- _Task instructions_:
Copy the listing exactly, leaving out every picture.

- _Raw data_:
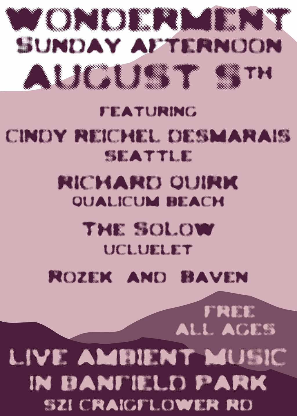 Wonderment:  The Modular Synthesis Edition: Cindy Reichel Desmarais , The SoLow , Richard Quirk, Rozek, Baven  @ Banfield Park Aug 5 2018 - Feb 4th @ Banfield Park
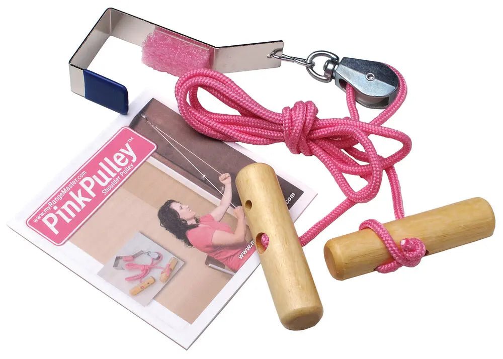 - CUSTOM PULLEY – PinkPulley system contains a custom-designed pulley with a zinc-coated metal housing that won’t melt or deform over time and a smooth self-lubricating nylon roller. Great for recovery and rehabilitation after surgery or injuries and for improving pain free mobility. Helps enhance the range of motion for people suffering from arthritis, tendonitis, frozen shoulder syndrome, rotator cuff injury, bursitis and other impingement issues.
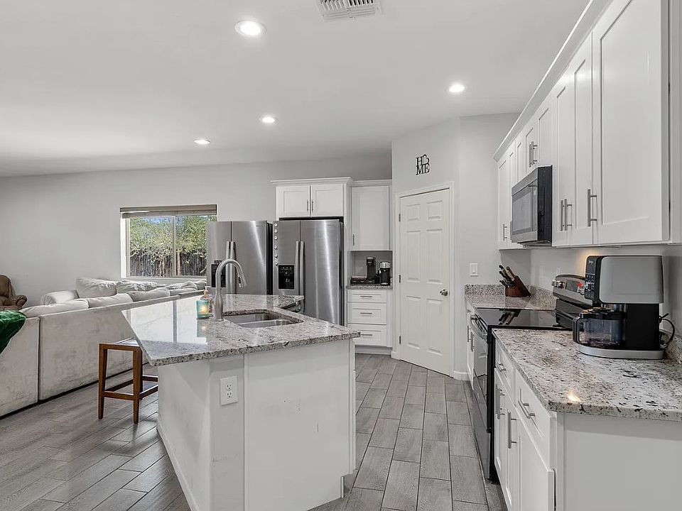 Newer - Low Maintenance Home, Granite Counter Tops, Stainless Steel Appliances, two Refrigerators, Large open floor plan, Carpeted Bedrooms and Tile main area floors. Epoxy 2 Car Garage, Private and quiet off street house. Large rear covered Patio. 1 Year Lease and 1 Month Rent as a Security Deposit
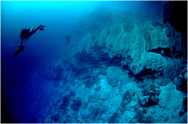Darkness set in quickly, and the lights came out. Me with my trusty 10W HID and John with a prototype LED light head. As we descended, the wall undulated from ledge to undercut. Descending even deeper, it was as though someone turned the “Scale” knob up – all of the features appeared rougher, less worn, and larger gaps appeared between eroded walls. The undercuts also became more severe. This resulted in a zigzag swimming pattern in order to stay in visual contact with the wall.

- _Result for this task_:
 Wonderment:  The Modular Synthesis Edition: Cindy Reichel Desmarais , The SoLow , Richard Quirk, Rozek, Baven  @ Banfield Park Aug 5 2018 - Feb 4th @ Banfield Park
 - CUSTOM PULLEY – PinkPulley system contains a custom-designed pulley with a zinc-coated metal housing that won’t melt or deform over time and a smooth self-lubricating nylon roller. Great for recovery and rehabilitation after surgery or injuries and for improving pain free mobility. Helps enhance the range of motion for people suffering from arthritis, tendonitis, frozen shoulder syndrome, rotator cuff injury, bursitis and other impingement issues.
 Newer - Low Maintenance Home, Granite Counter Tops, Stainless Steel Appliances, two Refrigerators, Large open floor plan, Carpeted Bedrooms and Tile main area floors. Epoxy 2 Car Garage, Private and quiet off street house. Large rear covered Patio. 1 Year Lease and 1 Month Rent as a Security Deposit
Darkness set in quickly, and the lights came out. Me with my trusty 10W HID and John with a prototype LED light head. As we descended, the wall undulated from ledge to undercut. Descending even deeper, it was as though someone turned the “Scale” knob up – all of the features appeared rougher, less worn, and larger gaps appeared between eroded walls. The undercuts also became more severe. This resulted in a zigzag swimming pattern in order to stay in visual contact with the wall.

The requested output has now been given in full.